This is how to do Fisher’s exact test. First construct a 2x2 contingency table (this is a perfect result for the lady drinking tea)
(C = matrix(c(4,0,0,4), 2, 2))
## [,1] [,2]
## [1,] 4 0
## [2,] 0 4
Now run Fisher’s test on the table. alternative = “greater” option means that we are testing the probability of getting an equal or even better table by random luck (i.e., one with higher numbers on the diagonal of the table)

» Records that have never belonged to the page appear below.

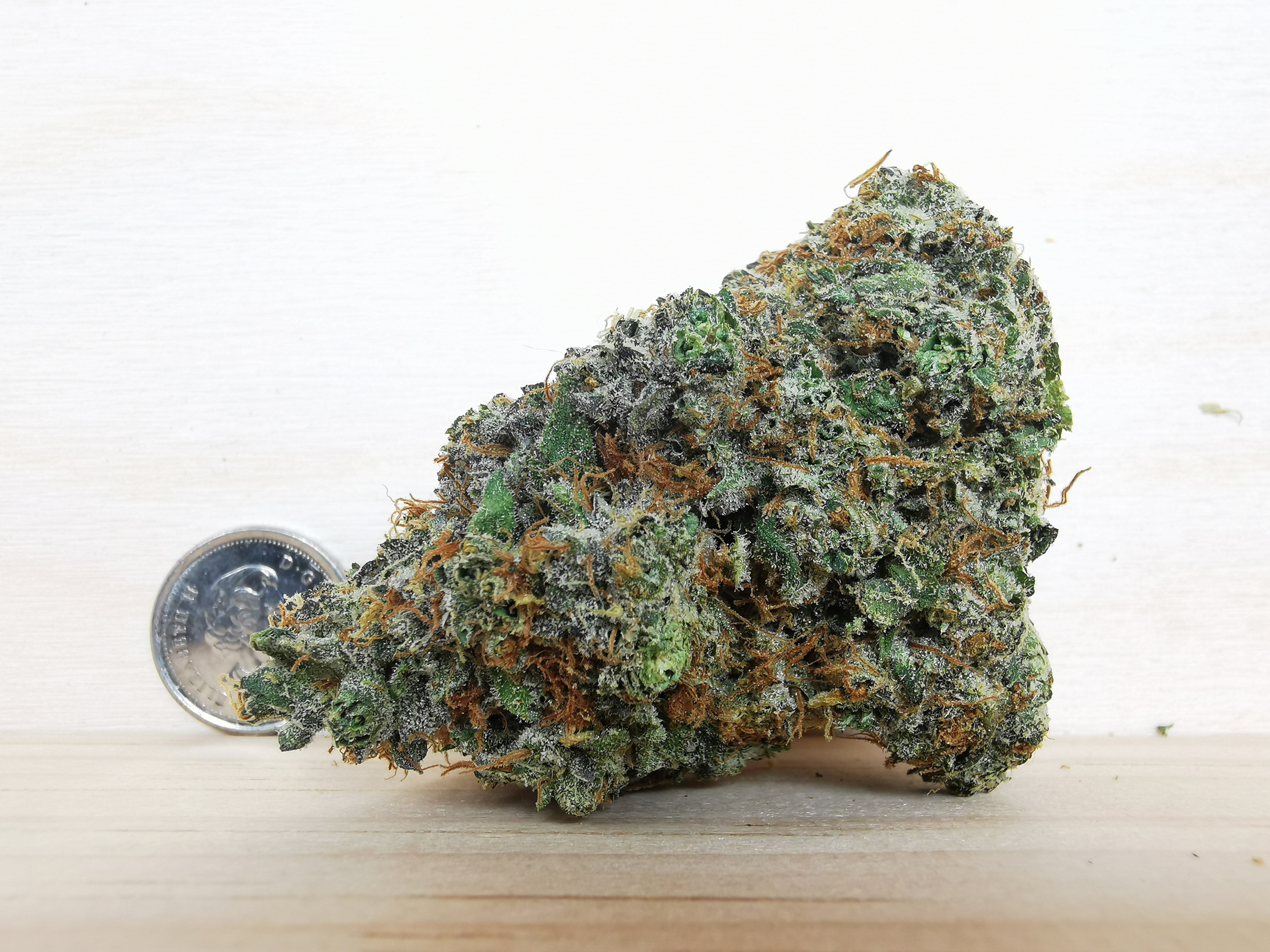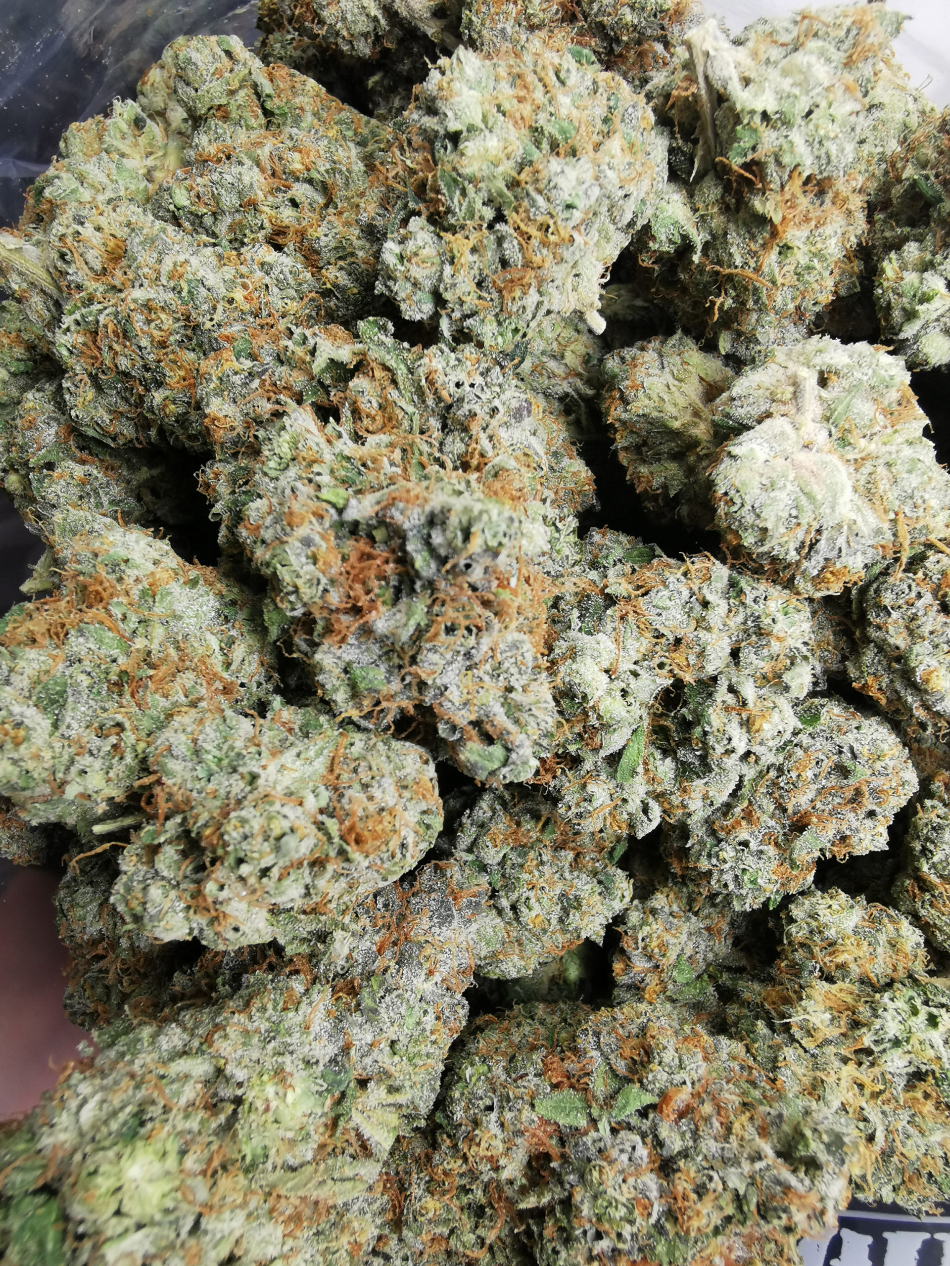 great gas indica strain, light green buds covered with crystal.
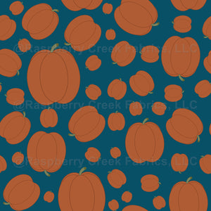 Traditional orange pumpkins on a deep teal background. Perfect for autumn decor or your new favorite fall outfit.
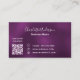 Una tarjeta de visita elegante y glamurosa sobre un fondo de gradiente morado profundo decorado con polvo falso purpurina plateado en el frente y equipo de limpieza. El color púrpura es desigual. Personaliza y agrega tu nombre, información de contacto de texto y tu propio código QR a tu dirección de sitio web.
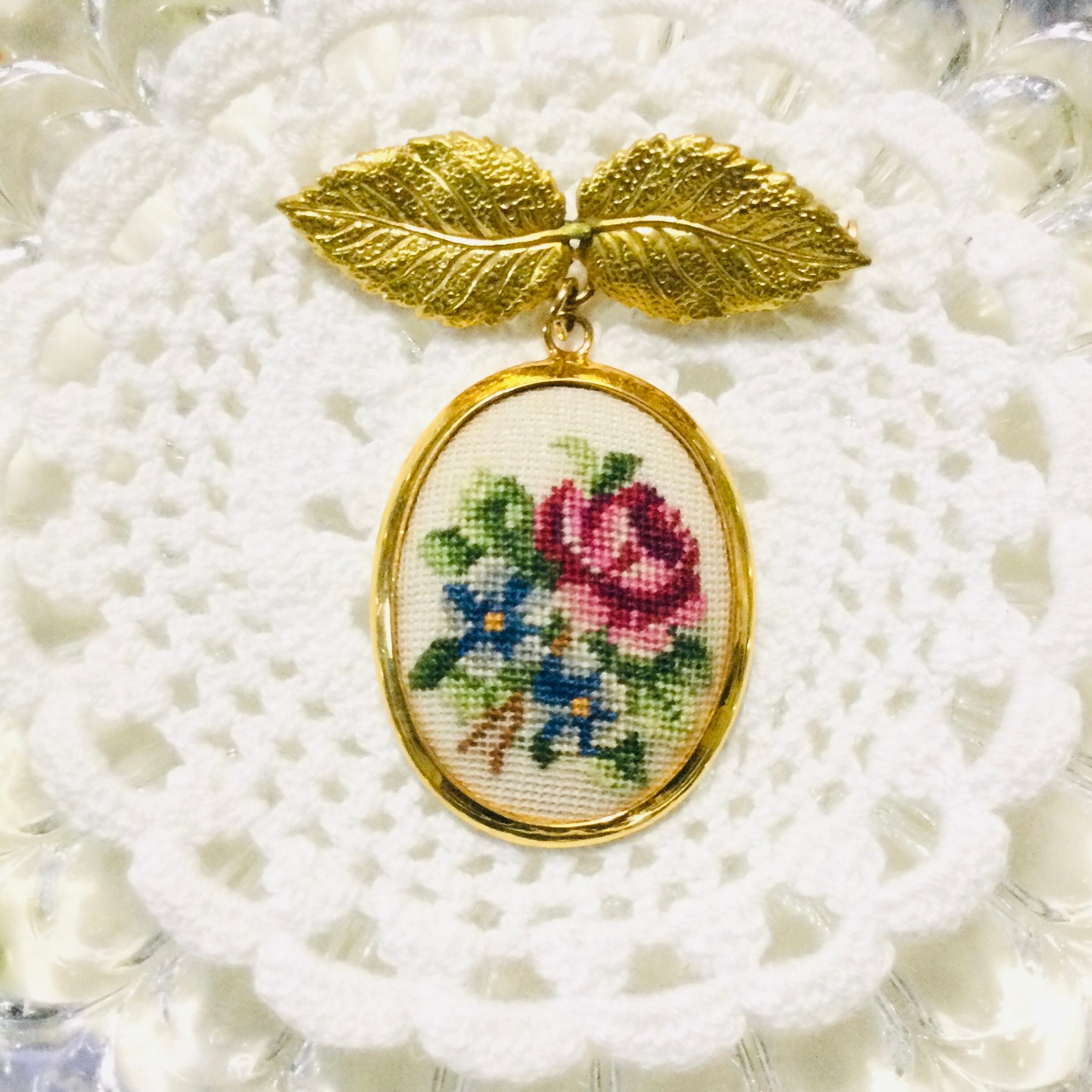 とっても繊細な薔薇の刺繍が可愛いチャームに、葉っぱのブローチ金具を付けたらピッタリでした!
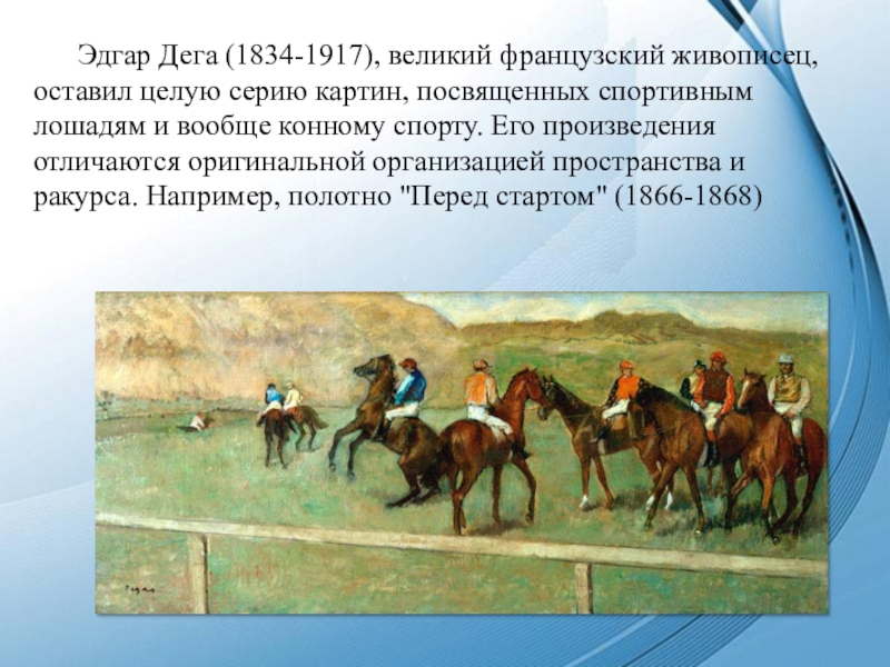 спортивным лошадям и вообще конному спорту. Его произведения отличаются оригинальной организацией пространства и ракурса. Например, полотно "Перед стартом" (1866-1868)
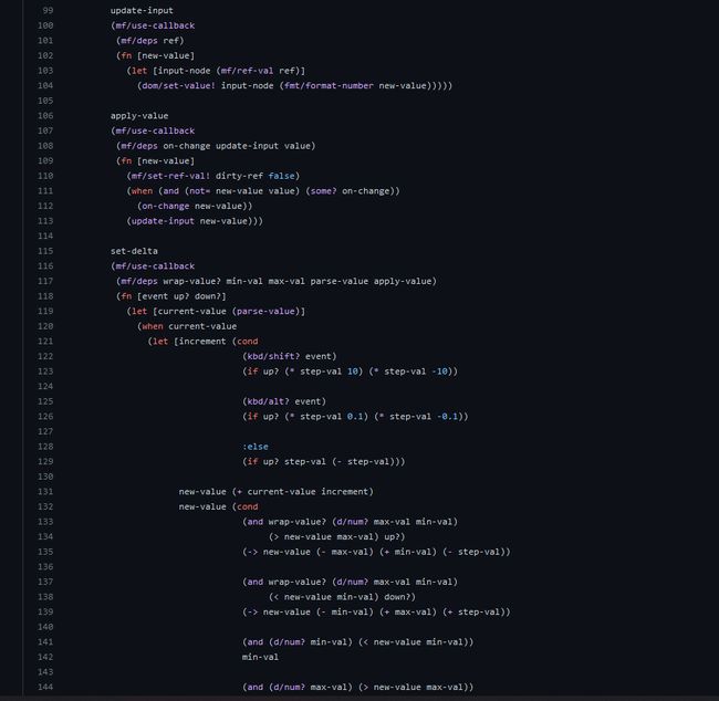 Además que al no tener variables y por la forma de programar me resulta complicado leer el código, pero ojo, es mi opinión, lo mismo si ya sabes clojure y cómo va el proyecto lo lees mucho más fácil. Es por criticar algo, porque me parece brutal el trabajazo que están haciendo.
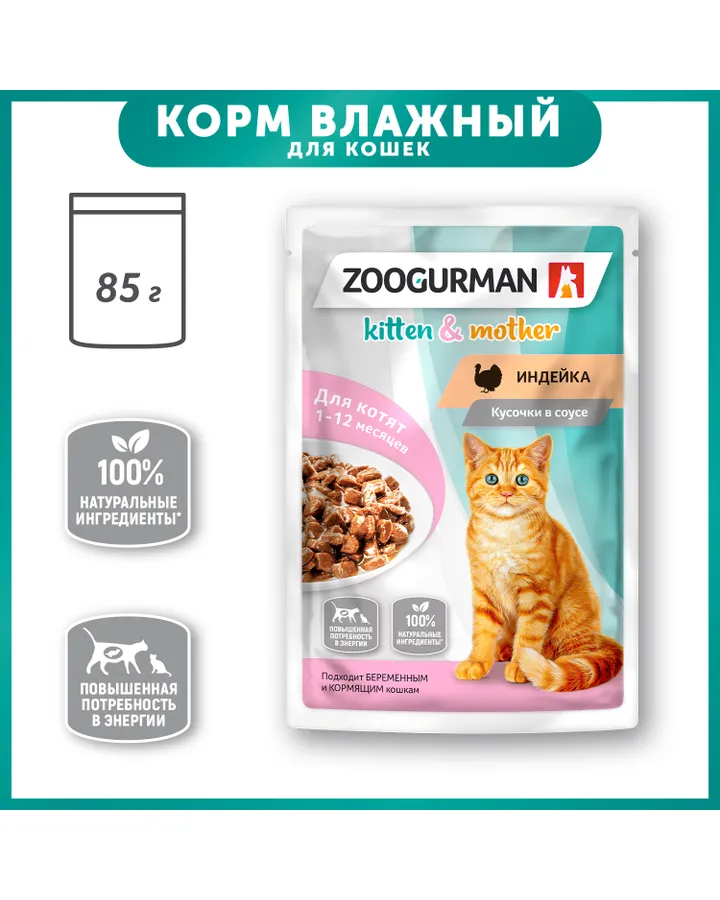Корм влажный Зоогурман МуррКисс Индейка с телятиной, 100 г х 15штДаю иногда коту (18 лет) для радости в жизни и дополнительной витаминной добавки. Корм для котят кушает с удовольствием, так как очень любит разнообразие.
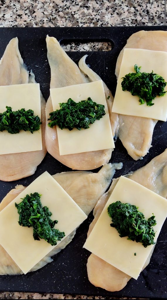 To prepare this recipe you need thin slices of chicken breast. If they are not thin enough, further thin them out with a meat mallet. For the spinach, you can use either fresh or frozen spinach boiled in a little water or cooked in the microwave.
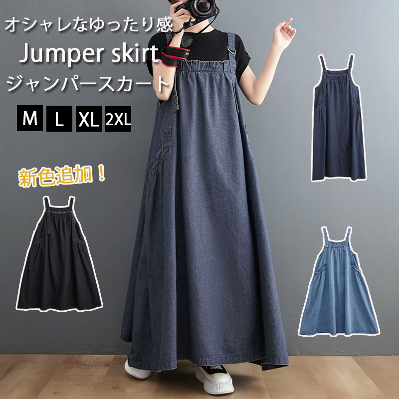 ジャンパースカート レディース デニム サロペットスカート キャミワンピース 重ね着 ゆったり キャミワンピ ロングワンピース オールインワン ジャンパー サロペット 無地 マキシ丈 オーバ スカート
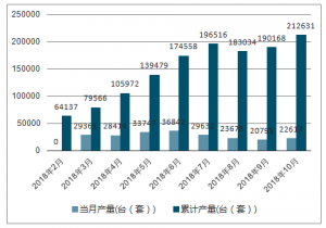 2018年2-10月中國大氣污染防治設備各月當月產量及累計產量走勢
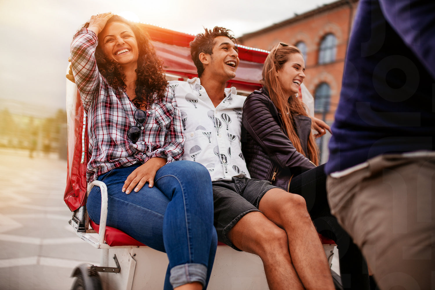 Cheerful teenage friends having fun on tricycle in the city. Young man and women riding on tricycle on road.
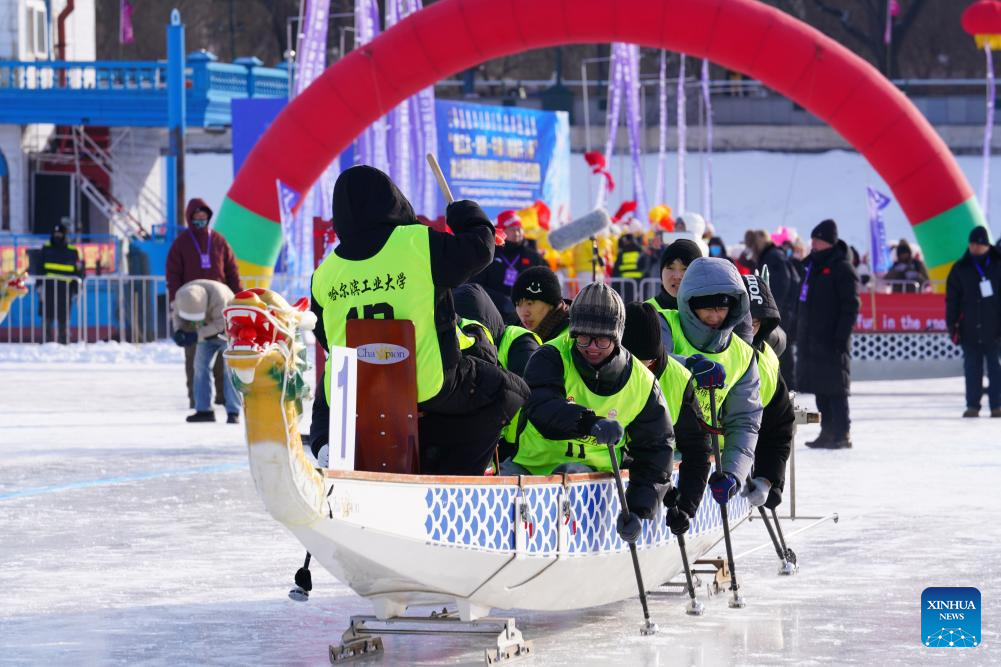 Students from Harbin Institute of Technology (HIT) compete during the "HIT-Cambridge-Oxford Cup" Ice Dragon Boat International Friendship Race in Harbin, northeast China's Heilongjiang Province, Jan. 10, 2026. (Xinhua)
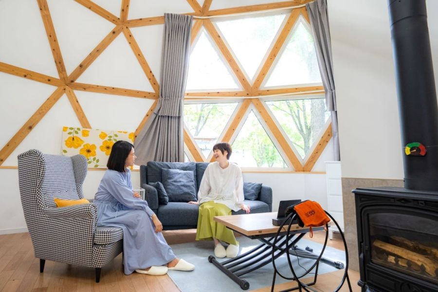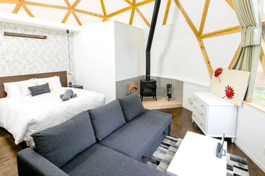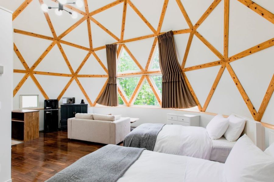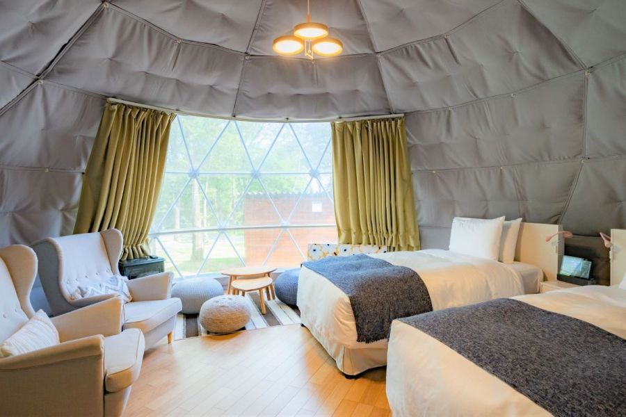 静かな森に囲まれたきれいなドームはホテルのようにオシャレなインテリア。UDをうたっているプランだけあって水回りも広くて掃除も行き届いてキレイ。リファのシャワーヘッドやドライヤーもついており、夜はフカフカのリネンでぐっすりでした。 犬同伴のお部屋でしたが、ワンコのグッズも充実しており、大変助かりました。 なんと言っても食事が最高!ドームに併設の個室で至れり尽くせりに準備していただいたガスオーブンで焼くだけ楽ちんBBQ、前菜から始まってお肉もお魚もホタテもお野菜もパンもどれも美味しかったです。朝の涼しい空気の中での朝食まで、ノーストレスで最高に充実した癒しのグランピング体験でした。お世話になりました。
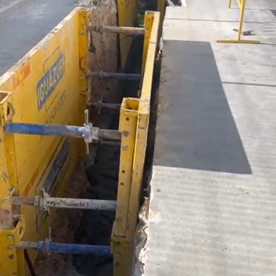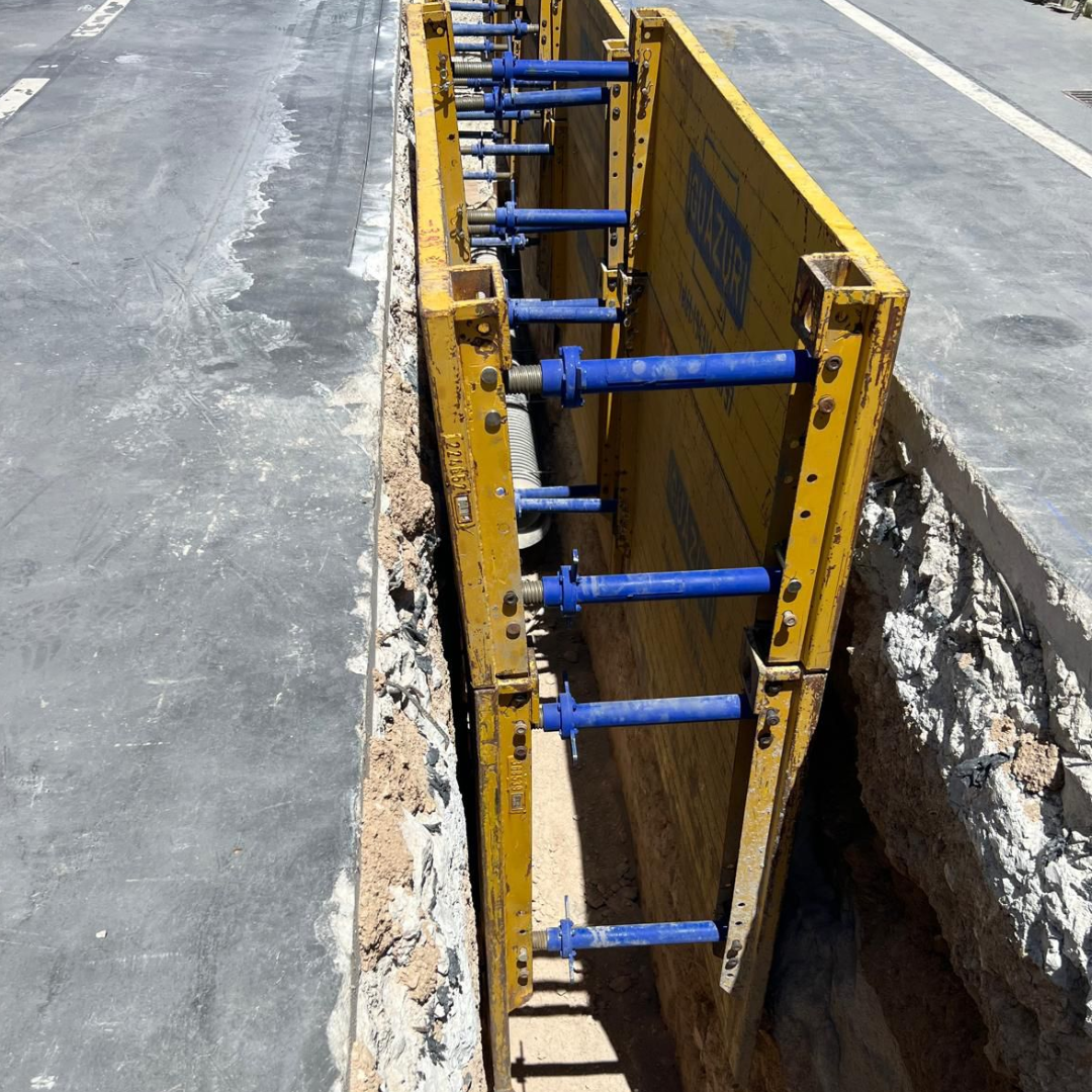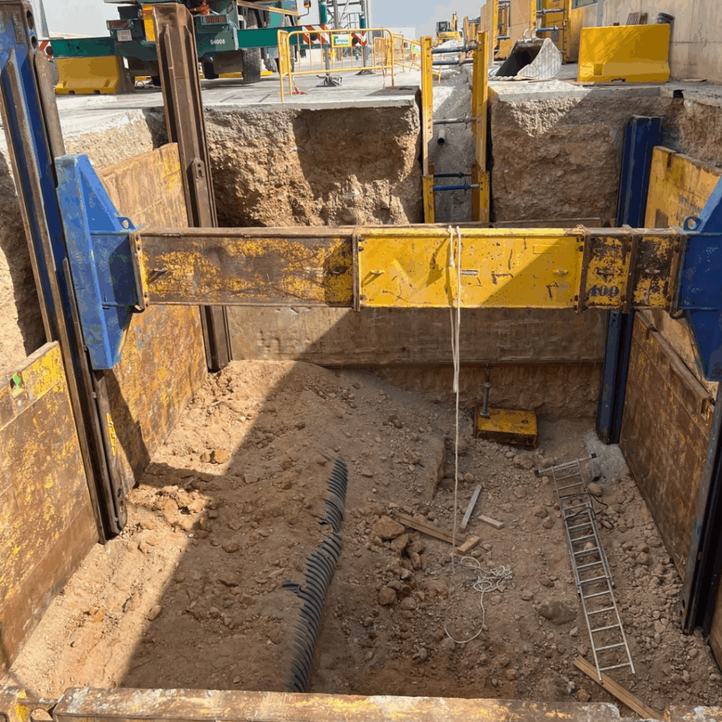Nuestra intervención se ha centrado en el suministro de sistemas de entibación adaptados a las necesidades específicas de la obra, combinando material existente del propio cliente con módulos adicionales de Iguazuri.

fisher.test(C, alternative = "greater")
##
## Fisher's Exact Test for Count Data
##
## data: C
## p-value = 0.01429
## alternative hypothesis: true odds ratio is greater than 1
## 95 percent confidence interval:
## 2.003768 Inf
## sample estimates:
## odds ratio
## Inf
Notice this is the same as the probability of getting exactly this table by random luck, because there is no better table. There are “8 choose 4” possible guesses, so the probability of the correct guess is:
(p = 1 / choose(8, 4))
## [1] 0.01428571
Now try if she misclassifies two cups
(C = matrix(c(3,1,1,3), 2, 2))
## [,1] [,2]
## [1,] 3 1
## [2,] 1 3
fisher.test(C, alternative = "greater")
##
## Fisher's Exact Test for Count Data
##
## data: C
## p-value = 0.2429
## alternative hypothesis: true odds ratio is greater than 1
## 95 percent confidence interval:
## 0.3135693 Inf
## sample estimates:
## odds ratio
## 6.408309
And now 4 misclassified cups
(C = matrix(c(2,2,2,2), 2, 2))
## [,1] [,2]
## [1,] 2 2
## [2,] 2 2
fisher.test(C, alternative = "greater")
##
## Fisher's Exact Test for Count Data
##
## data: C
## p-value = 0.7571
## alternative hypothesis: true odds ratio is greater than 1
## 95 percent confidence interval:
## 0.05093776 Inf
## sample estimates:
## odds ratio
## 1
Notice this is just \(1 - p\), where \(p\) was the probability above of a perfect answer This is because there is exactly one combination that is worse
(C = matrix(c(1,3,3,1), 2, 2))
## [,1] [,2]
## [1,] 1 3
## [2,] 3 1
fisher.test(C, alternative = "greater")
##
## Fisher's Exact Test for Count Data
##
## data: C
## p-value = 0.9857
## alternative hypothesis: true odds ratio is greater than 1
## 95 percent confidence interval:
## 0.00326534 Inf
## sample estimates:
## odds ratio
## 0.156047
Everything wrong! Notice the probability of doing this well or better is 1.
(C = matrix(c(0,4,4,0), 2, 2))
## [,1] [,2]
## [1,] 0 4
## [2,] 4 0
fisher.test(C, alternative = "greater")
##
## Fisher's Exact Test for Count Data
##
## data: C
## p-value = 1
## alternative hypothesis: true odds ratio is greater than 1
## 95 percent confidence interval:
## 0 Inf
## sample estimates:
## odds ratio
## 0
Let’s test the hypothesis that the Michelson-Morley data was on average higher than the true speed of light
Null hypothesis, \(H_0 : \mu =\) “true speed”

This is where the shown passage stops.